----- Given data -----

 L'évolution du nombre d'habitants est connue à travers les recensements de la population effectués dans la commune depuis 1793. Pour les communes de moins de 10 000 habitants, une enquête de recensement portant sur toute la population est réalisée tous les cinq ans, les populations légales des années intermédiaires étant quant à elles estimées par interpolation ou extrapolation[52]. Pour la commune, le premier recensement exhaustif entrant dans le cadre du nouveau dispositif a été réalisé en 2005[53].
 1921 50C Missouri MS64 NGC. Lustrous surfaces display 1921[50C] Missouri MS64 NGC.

-----
----- Given data -----

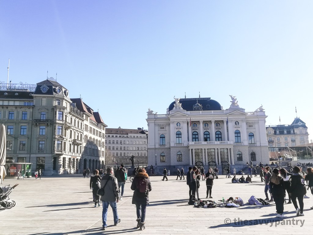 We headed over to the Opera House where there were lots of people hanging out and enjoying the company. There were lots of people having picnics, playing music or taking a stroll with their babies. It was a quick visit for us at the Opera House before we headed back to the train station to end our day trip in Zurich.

-----

- _Exercise details_: All lines above from the one with "L'évolution du nombre" to the one with "1921 50C Missouri", inclusive, should be copied exactly, and no other lines.

- _Answer to the exercise_:
 L'évolution du nombre d'habitants est connue à travers les recensements de la population effectués dans la commune depuis 1793. Pour les communes de moins de 10 000 habitants, une enquête de recensement portant sur toute la population est réalisée tous les cinq ans, les populations légales des années intermédiaires étant quant à elles estimées par interpolation ou extrapolation[52]. Pour la commune, le premier recensement exhaustif entrant dans le cadre du nouveau dispositif a été réalisé en 2005[53].
 1921 50C Missouri MS64 NGC. Lustrous surfaces display 1921[50C] Missouri MS64 NGC.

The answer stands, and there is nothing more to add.